Saham-saham Apple telah turun lebih dari 10% sejak akhir Juli. Angka yang lebih besar jika dibandingkan dengan penurunan 5,4% untuk Indeks Nasdaq 100 pada rentang yang sama.
Penurunan sudah menurunkan valuasi Apple lebih dari US$340 miliar (sekitar Rp5.329 triliun), meskipun perusahaan tetap menjadi faktor penting dalam Indeks S&P 500. AAPL menyumbang lebih dari 7,1% bobot indeks.
Atas pengaruh tersebut di pasar membuat investor ekuitas sulit menghindari, tetapi perusahaan-perusahaan besar lain mungkin menawarkan prospek pertumbuhan yang lebih menarik. Alternatif saham ini juga lebih masuk akal diperdagangkan.
“Anda dapat membuat kasus fundamental yang menarik untuk Amazon sebagai ekspansi margin, untuk Microsoft dan Nvidia sebagai bagian dari fanatisme AI, atau untuk Alphabet dan Meta yang mengalami perlambatan dalam iklan konsumen, tetapi Apple tidak menunjukkan pertumbuhan pendapatan selama beberapa waktu,” kata Abate.

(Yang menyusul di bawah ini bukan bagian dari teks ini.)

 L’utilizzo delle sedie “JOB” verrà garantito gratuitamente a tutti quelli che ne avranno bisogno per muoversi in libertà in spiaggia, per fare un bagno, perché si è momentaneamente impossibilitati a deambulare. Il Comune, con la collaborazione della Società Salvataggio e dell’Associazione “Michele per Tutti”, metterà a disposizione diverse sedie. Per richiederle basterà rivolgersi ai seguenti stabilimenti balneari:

“Ini tidak seperti Cisco pada tahun 1999, yang akan jatuh, tetapi jika kita mengalami dislokasi yang nyata di pasar, beban terberatnya mungkin akan jatuh pada saham-saham seperti Apple."
Perusahaan ini akan melaporkan hasil kuartal keempat pada awal November. Para analis memperkirakan pendapatannya akan turun 1% dibanding tahun lalu. Pendapatan untuk sektor teknologi S&P 500 secara keseluruhan terlihat naik 1,5% pada kuartal ini, menurut Bloomberg Intelligence.

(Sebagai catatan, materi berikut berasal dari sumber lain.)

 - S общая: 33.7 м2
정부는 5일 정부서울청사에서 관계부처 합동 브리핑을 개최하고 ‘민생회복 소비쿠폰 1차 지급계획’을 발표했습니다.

Dengan latar belakang ini, Apple diperdagangkan pada 26,5 kali estimasi pendapatan, di atas kelipatan Indeks Nasdaq 100 dan rata-rata jangka panjangnya. Saham ini diperdagangkan dengan harga premium dalam hal penjualan berjangka. Sementara imbal hasil arus kas bebasnya di bawah 3,7%, dibandingkan dengan rata-rata 10 tahun sekitar 6,4%.
Meskipun pertumbuhan pendapatan di Apple diperkirakan akan kembali positif pada tahun fiskal 2024, kecepatannya jauh dari level yang sebelumnya diperkirakan.Pertimbangan lain, deretan produk baru seperti headset Vision Pro diperkirakan tidak akan menjadi pendorong berarti dalam waktu dekat untuk Apple.

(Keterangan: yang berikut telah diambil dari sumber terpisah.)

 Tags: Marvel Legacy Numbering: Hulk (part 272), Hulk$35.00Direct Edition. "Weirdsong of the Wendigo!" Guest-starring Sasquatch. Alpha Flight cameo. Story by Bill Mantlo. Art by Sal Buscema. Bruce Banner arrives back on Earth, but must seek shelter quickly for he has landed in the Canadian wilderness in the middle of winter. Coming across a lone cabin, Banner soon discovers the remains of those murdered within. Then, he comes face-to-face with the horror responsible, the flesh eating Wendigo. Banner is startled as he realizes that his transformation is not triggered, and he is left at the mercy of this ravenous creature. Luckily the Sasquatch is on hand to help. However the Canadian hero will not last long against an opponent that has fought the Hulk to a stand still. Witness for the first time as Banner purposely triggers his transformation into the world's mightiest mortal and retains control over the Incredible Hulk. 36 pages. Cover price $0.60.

KeyBanc Capital Markets baru-baru ini memangkas pandangannya terhadap saham ini menjadi setara dengan Hold, mengutip kekhawatiran tentang valuasi dan potensi pertumbuhan.
Menyusul sejumlah penurunan rating tahun ini, peringkat konsensus untuk Apple — proksi untuk rasio Buy, Hold, dan Sell— telah turun 9% dari puncaknya di Desember. Kurang dari dua pertiga analis yang dilacak oleh Bloomberg merekomendasikan beli, sejauh ini merupakan rasio terendah di antara saham-saham berkapitalisasi besar.
“Selalu ada tantangan, tetapi ini tampaknya merupakan waktu yang lebih sulit, terutama dengan kelipatannya yang berada di ujung atas kisaran historis,” kata Michael Kirkbride, manajer portofolio di Evercore Wealth Management.
“Kami sangat berhati-hati dalam menambah posisi di sini, namun ingin membeli pada harga yang lebih rendah.” Meskipun begitu, Kirkbride mengatakan Apple layak mendapatkan keuntungan atas situasi terkini, mengingat kemampuan Apple untuk menavigasi masa-masa sulit sebelumnya.
“Apple tetap menjadi merek teratas secara global, memiliki keahlian rantai pasokan yang tak tertandingi, dan arus kas bebasnya berarti pengembalian modal secara historis berbeda dari yang Anda dapatkan di perusahaan lain. Sangat layak untuk bertahan untuk itu.”